WHAT YOU SHOULD DO: Leave out the images; return the rest of the data exactly.

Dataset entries
•••••
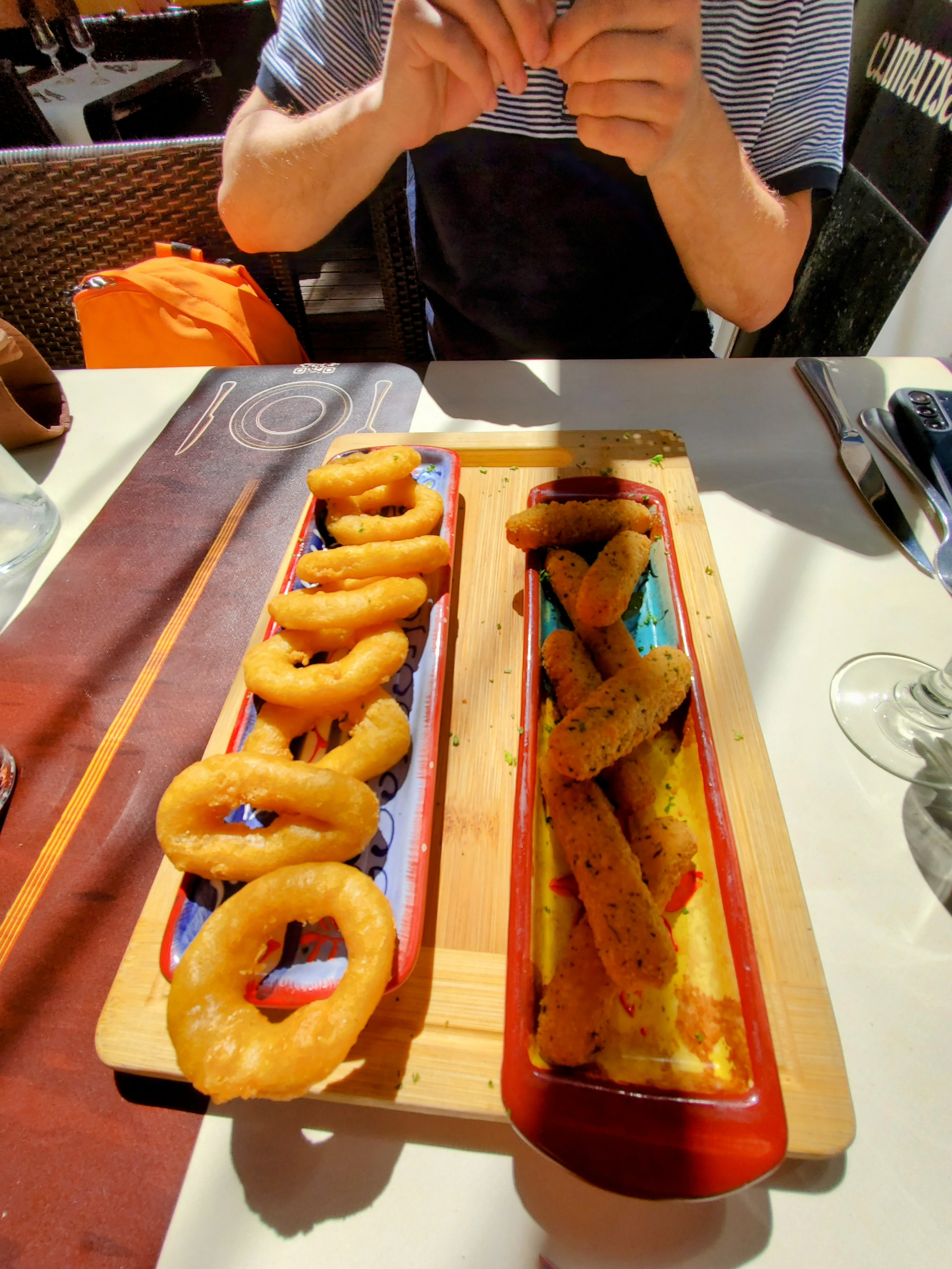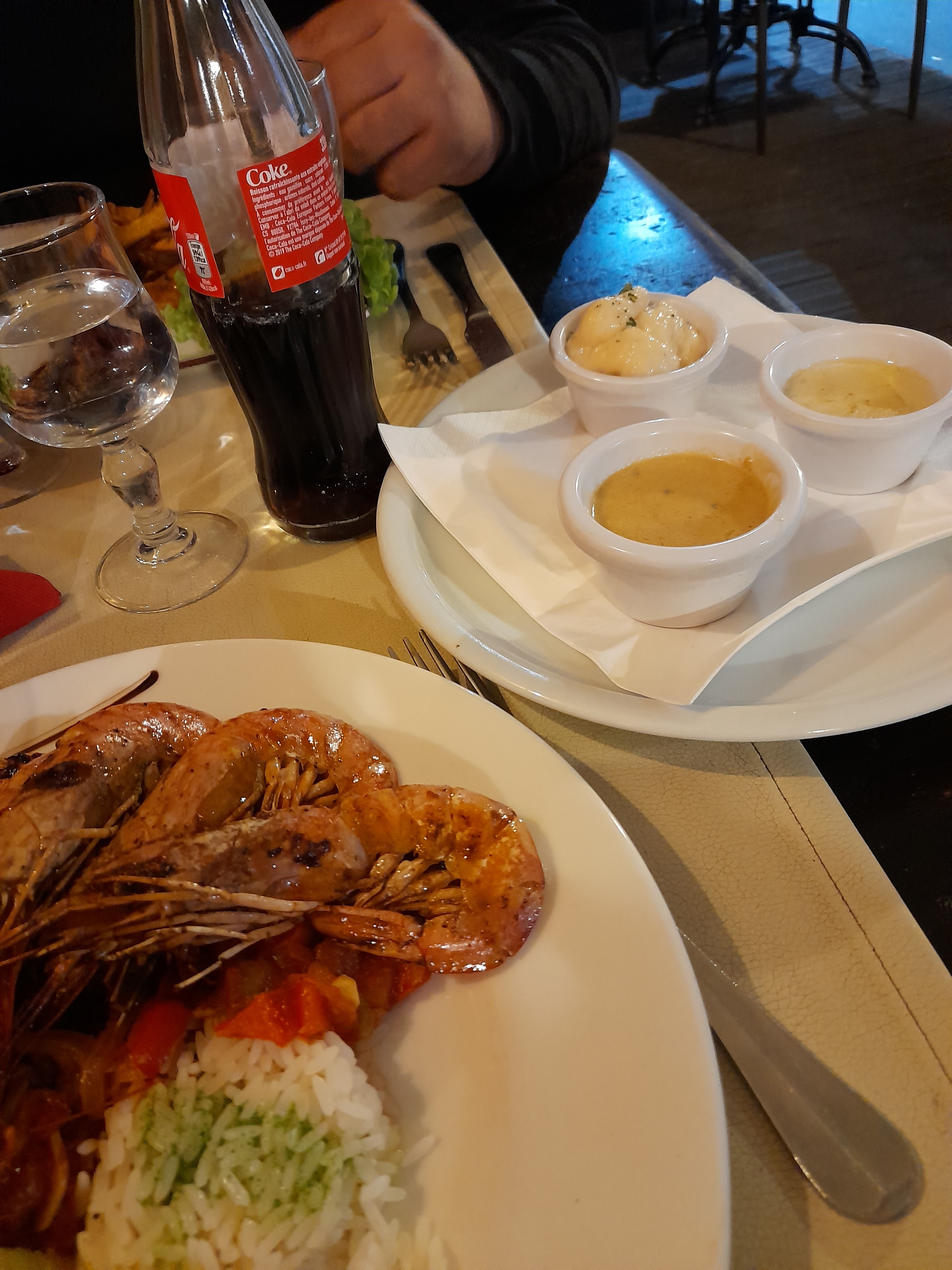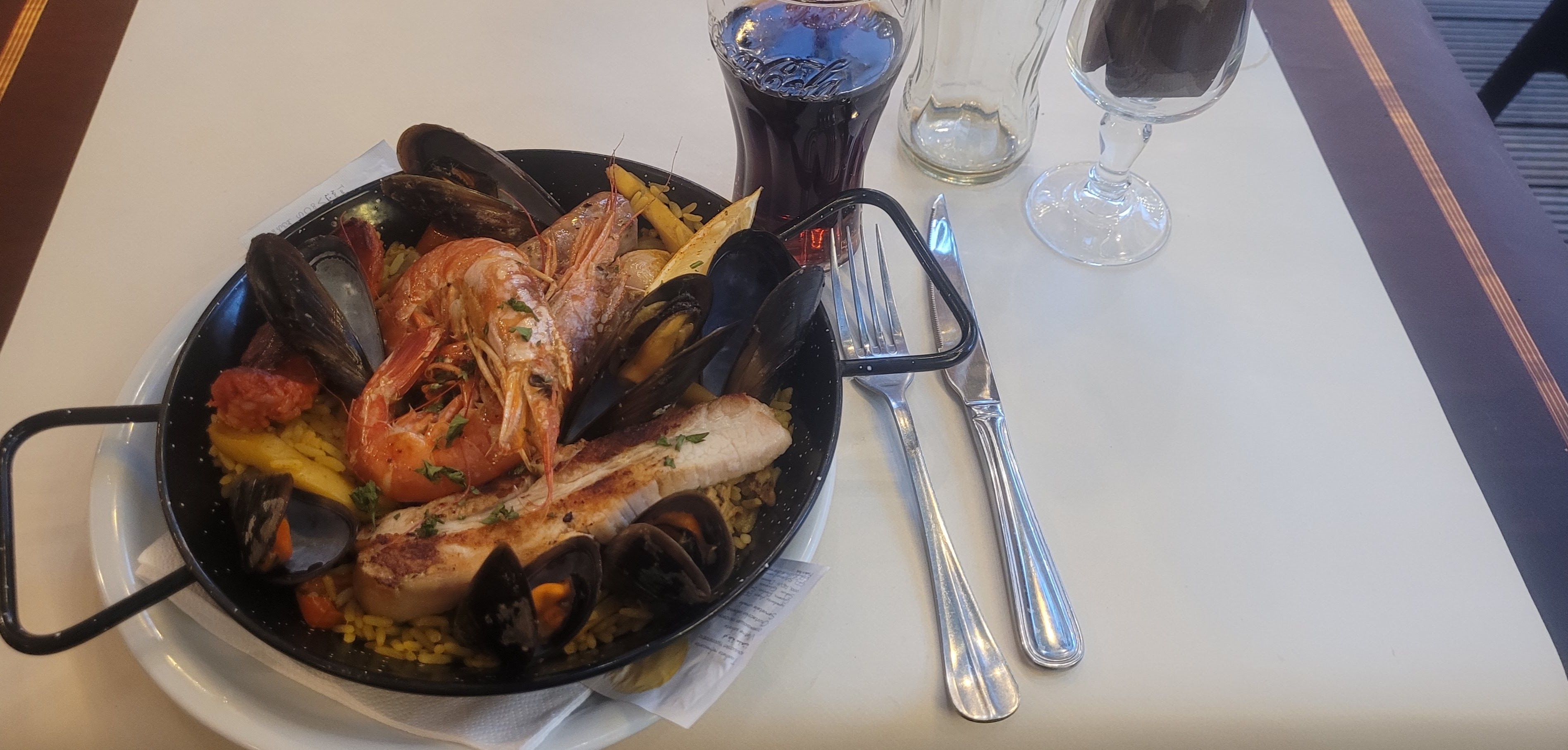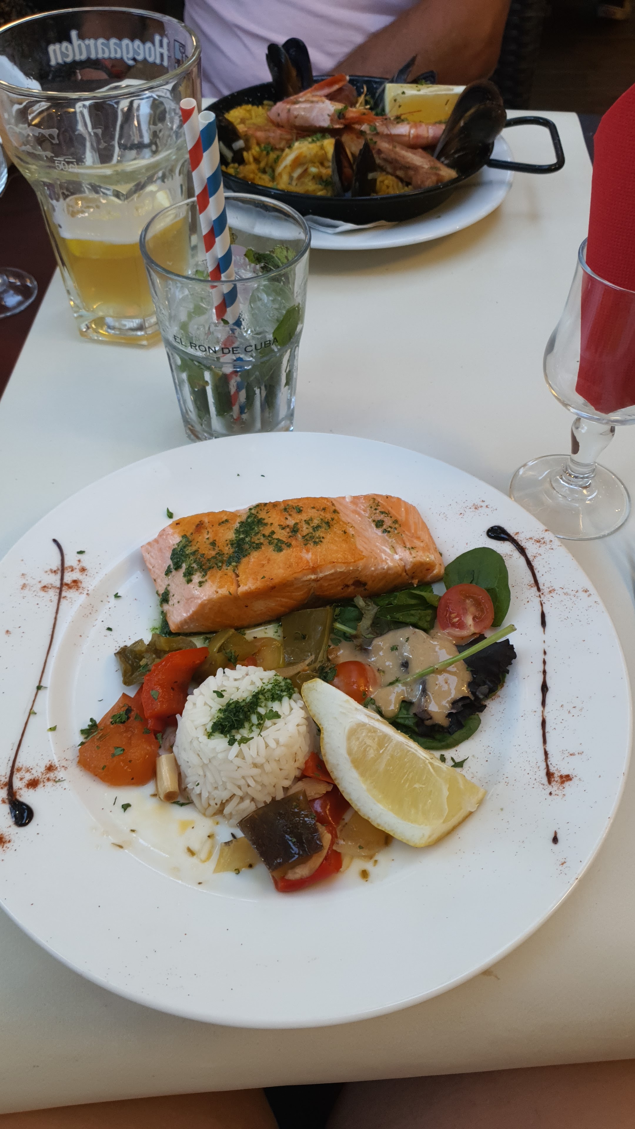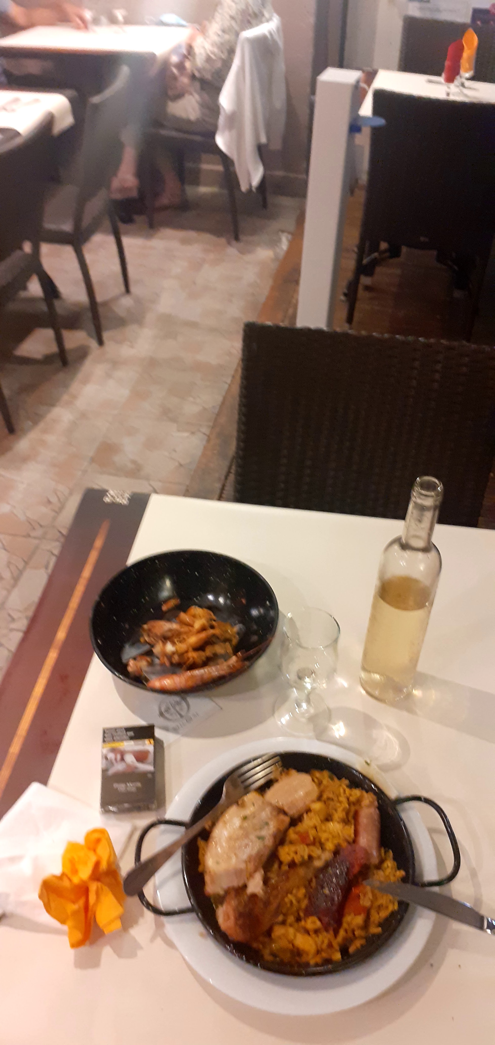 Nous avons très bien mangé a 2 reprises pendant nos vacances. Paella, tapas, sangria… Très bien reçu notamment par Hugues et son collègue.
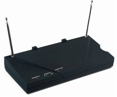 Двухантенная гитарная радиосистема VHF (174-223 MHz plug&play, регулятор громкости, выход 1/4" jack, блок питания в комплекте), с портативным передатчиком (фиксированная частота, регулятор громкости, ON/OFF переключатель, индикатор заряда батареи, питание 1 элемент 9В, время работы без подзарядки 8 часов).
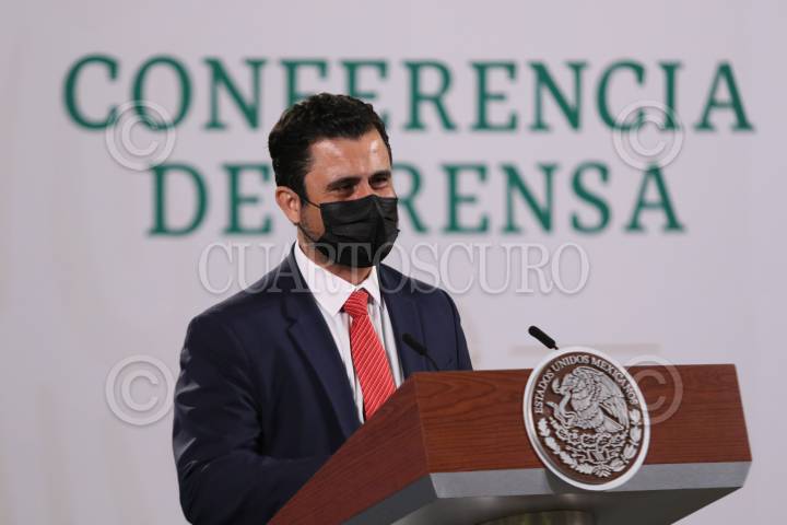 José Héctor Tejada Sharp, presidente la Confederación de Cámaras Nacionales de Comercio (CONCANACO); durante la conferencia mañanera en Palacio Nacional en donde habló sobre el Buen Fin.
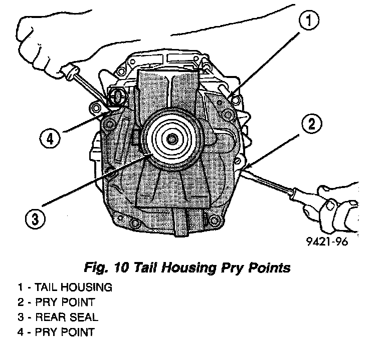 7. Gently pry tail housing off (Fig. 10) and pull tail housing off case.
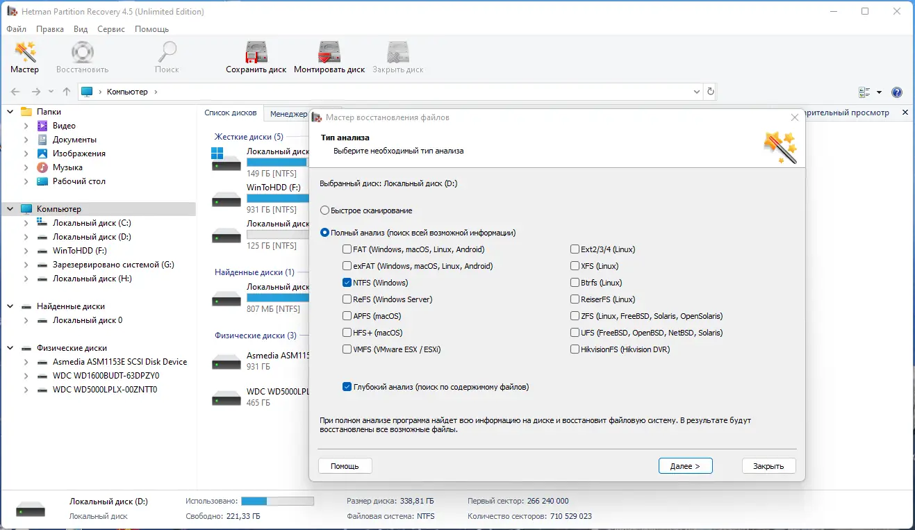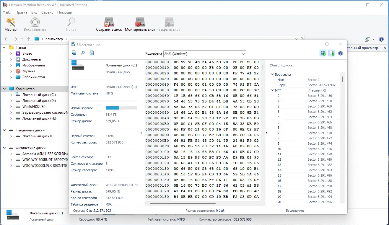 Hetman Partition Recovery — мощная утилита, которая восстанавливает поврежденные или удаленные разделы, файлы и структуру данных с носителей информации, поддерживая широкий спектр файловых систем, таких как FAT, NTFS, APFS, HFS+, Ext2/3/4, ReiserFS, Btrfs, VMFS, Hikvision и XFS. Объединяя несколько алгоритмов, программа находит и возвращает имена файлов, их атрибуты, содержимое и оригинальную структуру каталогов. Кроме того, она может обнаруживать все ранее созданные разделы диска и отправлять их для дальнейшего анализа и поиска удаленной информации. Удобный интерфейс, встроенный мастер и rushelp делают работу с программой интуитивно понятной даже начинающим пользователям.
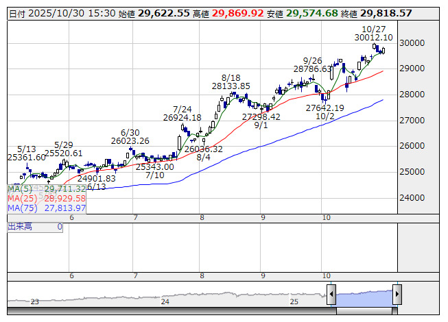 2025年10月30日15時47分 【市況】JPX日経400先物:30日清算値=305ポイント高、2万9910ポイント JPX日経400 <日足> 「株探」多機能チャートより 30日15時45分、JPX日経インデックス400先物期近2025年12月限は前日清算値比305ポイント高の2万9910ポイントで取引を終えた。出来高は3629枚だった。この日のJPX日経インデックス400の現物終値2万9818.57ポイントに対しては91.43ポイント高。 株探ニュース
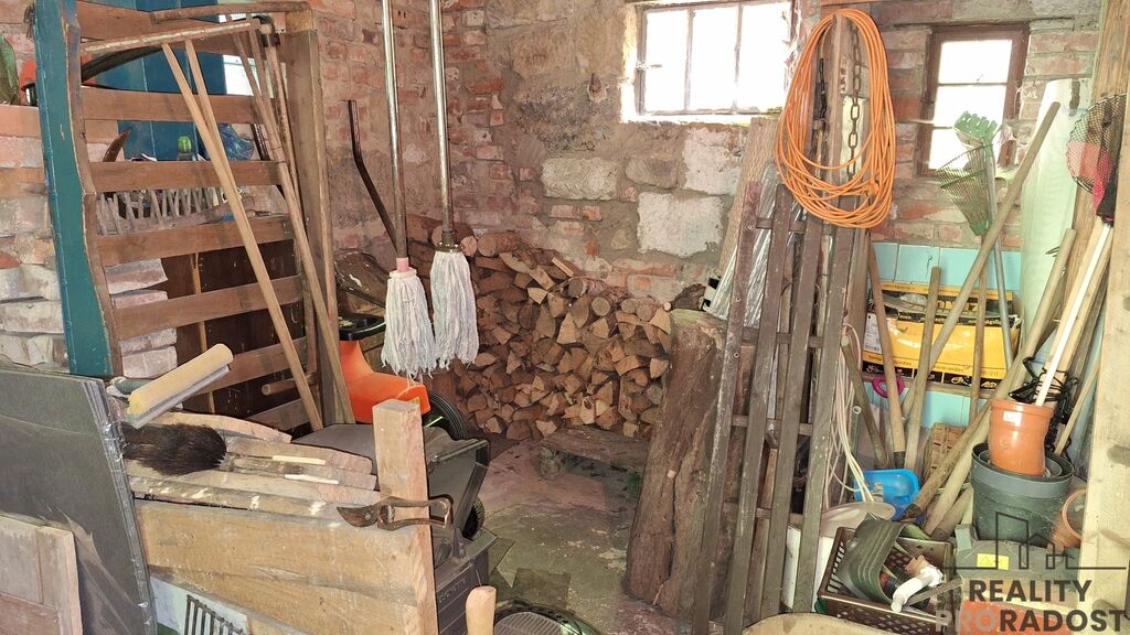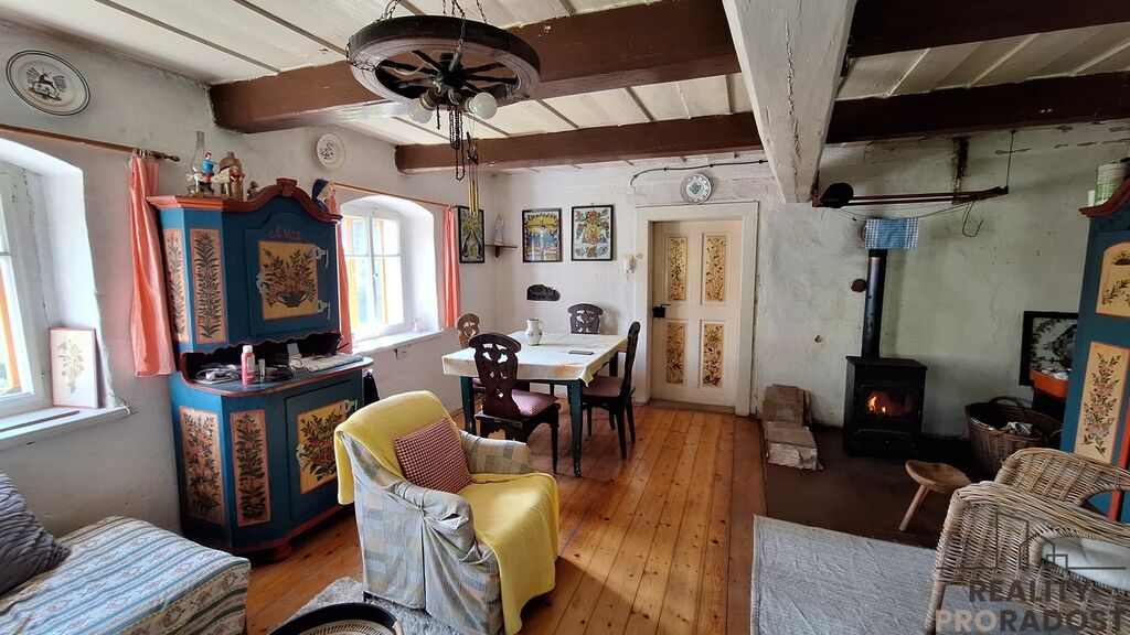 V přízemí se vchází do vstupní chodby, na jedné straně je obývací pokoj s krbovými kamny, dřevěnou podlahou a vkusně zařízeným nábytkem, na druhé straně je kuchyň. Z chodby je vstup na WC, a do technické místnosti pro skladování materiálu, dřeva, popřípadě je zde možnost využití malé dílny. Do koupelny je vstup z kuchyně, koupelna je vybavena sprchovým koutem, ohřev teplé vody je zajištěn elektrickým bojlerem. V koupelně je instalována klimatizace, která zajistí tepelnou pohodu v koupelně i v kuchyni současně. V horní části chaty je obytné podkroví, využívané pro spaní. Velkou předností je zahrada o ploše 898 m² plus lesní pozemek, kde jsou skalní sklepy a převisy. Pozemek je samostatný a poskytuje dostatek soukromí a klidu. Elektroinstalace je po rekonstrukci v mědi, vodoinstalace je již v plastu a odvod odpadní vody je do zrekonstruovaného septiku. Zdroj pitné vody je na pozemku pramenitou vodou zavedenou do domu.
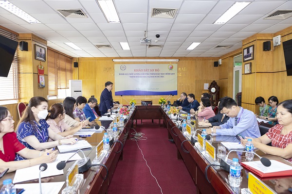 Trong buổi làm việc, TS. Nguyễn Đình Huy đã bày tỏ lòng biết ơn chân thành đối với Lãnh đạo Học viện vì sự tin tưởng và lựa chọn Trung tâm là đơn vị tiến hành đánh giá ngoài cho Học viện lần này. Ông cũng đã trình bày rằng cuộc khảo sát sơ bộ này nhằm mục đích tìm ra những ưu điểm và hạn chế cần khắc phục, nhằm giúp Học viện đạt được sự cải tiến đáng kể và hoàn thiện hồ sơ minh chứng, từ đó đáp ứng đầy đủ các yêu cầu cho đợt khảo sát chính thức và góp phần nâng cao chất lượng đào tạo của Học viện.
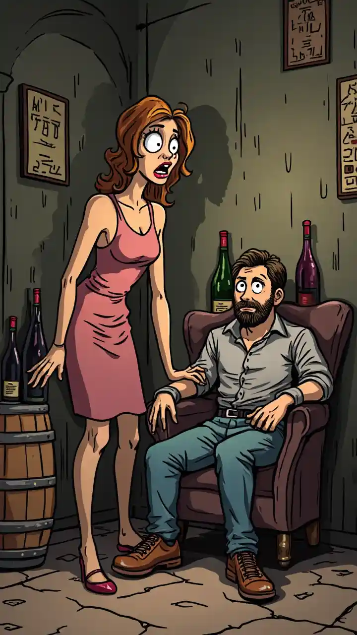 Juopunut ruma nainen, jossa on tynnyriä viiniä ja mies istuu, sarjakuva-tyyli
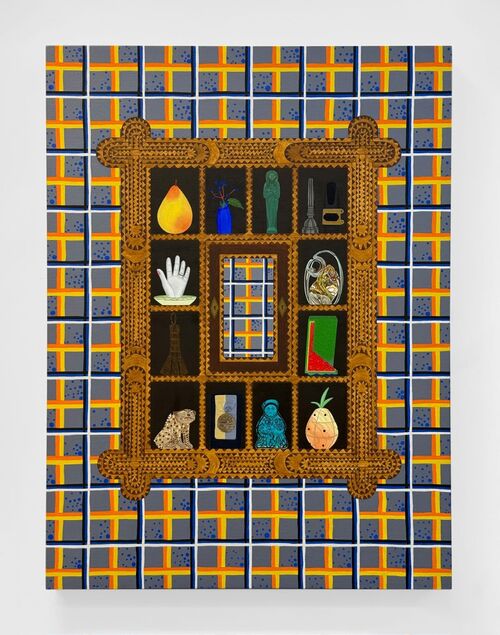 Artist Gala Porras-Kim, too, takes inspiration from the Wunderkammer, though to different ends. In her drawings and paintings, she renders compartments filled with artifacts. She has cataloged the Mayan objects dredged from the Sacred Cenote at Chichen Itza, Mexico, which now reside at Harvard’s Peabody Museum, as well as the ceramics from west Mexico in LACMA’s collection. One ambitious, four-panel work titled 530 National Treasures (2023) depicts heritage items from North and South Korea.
•••••
RESPONSE FOR THIS EXERCISE:
 Nous avons très bien mangé a 2 reprises pendant nos vacances. Paella, tapas, sangria… Très bien reçu notamment par Hugues et son collègue.
 Двухантенная гитарная радиосистема VHF (174-223 MHz plug&play, регулятор громкости, выход 1/4" jack, блок питания в комплекте), с портативным передатчиком (фиксированная частота, регулятор громкости, ON/OFF переключатель, индикатор заряда батареи, питание 1 элемент 9В, время работы без подзарядки 8 часов).
 José Héctor Tejada Sharp, presidente la Confederación de Cámaras Nacionales de Comercio (CONCANACO); durante la conferencia mañanera en Palacio Nacional en donde habló sobre el Buen Fin.
 7. Gently pry tail housing off (Fig. 10) and pull tail housing off case.
 Hetman Partition Recovery — мощная утилита, которая восстанавливает поврежденные или удаленные разделы, файлы и структуру данных с носителей информации, поддерживая широкий спектр файловых систем, таких как FAT, NTFS, APFS, HFS+, Ext2/3/4, ReiserFS, Btrfs, VMFS, Hikvision и XFS. Объединяя несколько алгоритмов, программа находит и возвращает имена файлов, их атрибуты, содержимое и оригинальную структуру каталогов. Кроме того, она может обнаруживать все ранее созданные разделы диска и отправлять их для дальнейшего анализа и поиска удаленной информации. Удобный интерфейс, встроенный мастер и rushelp делают работу с программой интуитивно понятной даже начинающим пользователям.
 2025年10月30日15時47分 【市況】JPX日経400先物:30日清算値=305ポイント高、2万9910ポイント JPX日経400 <日足> 「株探」多機能チャートより 30日15時45分、JPX日経インデックス400先物期近2025年12月限は前日清算値比305ポイント高の2万9910ポイントで取引を終えた。出来高は3629枚だった。この日のJPX日経インデックス400の現物終値2万9818.57ポイントに対しては91.43ポイント高。 株探ニュース
 V přízemí se vchází do vstupní chodby, na jedné straně je obývací pokoj s krbovými kamny, dřevěnou podlahou a vkusně zařízeným nábytkem, na druhé straně je kuchyň. Z chodby je vstup na WC, a do technické místnosti pro skladování materiálu, dřeva, popřípadě je zde možnost využití malé dílny. Do koupelny je vstup z kuchyně, koupelna je vybavena sprchovým koutem, ohřev teplé vody je zajištěn elektrickým bojlerem. V koupelně je instalována klimatizace, která zajistí tepelnou pohodu v koupelně i v kuchyni současně. V horní části chaty je obytné podkroví, využívané pro spaní. Velkou předností je zahrada o ploše 898 m² plus lesní pozemek, kde jsou skalní sklepy a převisy. Pozemek je samostatný a poskytuje dostatek soukromí a klidu. Elektroinstalace je po rekonstrukci v mědi, vodoinstalace je již v plastu a odvod odpadní vody je do zrekonstruovaného septiku. Zdroj pitné vody je na pozemku pramenitou vodou zavedenou do domu.
 Trong buổi làm việc, TS. Nguyễn Đình Huy đã bày tỏ lòng biết ơn chân thành đối với Lãnh đạo Học viện vì sự tin tưởng và lựa chọn Trung tâm là đơn vị tiến hành đánh giá ngoài cho Học viện lần này. Ông cũng đã trình bày rằng cuộc khảo sát sơ bộ này nhằm mục đích tìm ra những ưu điểm và hạn chế cần khắc phục, nhằm giúp Học viện đạt được sự cải tiến đáng kể và hoàn thiện hồ sơ minh chứng, từ đó đáp ứng đầy đủ các yêu cầu cho đợt khảo sát chính thức và góp phần nâng cao chất lượng đào tạo của Học viện.
 Juopunut ruma nainen, jossa on tynnyriä viiniä ja mies istuu, sarjakuva-tyyli
 Artist Gala Porras-Kim, too, takes inspiration from the Wunderkammer, though to different ends. In her drawings and paintings, she renders compartments filled with artifacts. She has cataloged the Mayan objects dredged from the Sacred Cenote at Chichen Itza, Mexico, which now reside at Harvard’s Peabody Museum, as well as the ceramics from west Mexico in LACMA’s collection. One ambitious, four-panel work titled 530 National Treasures (2023) depicts heritage items from North and South Korea.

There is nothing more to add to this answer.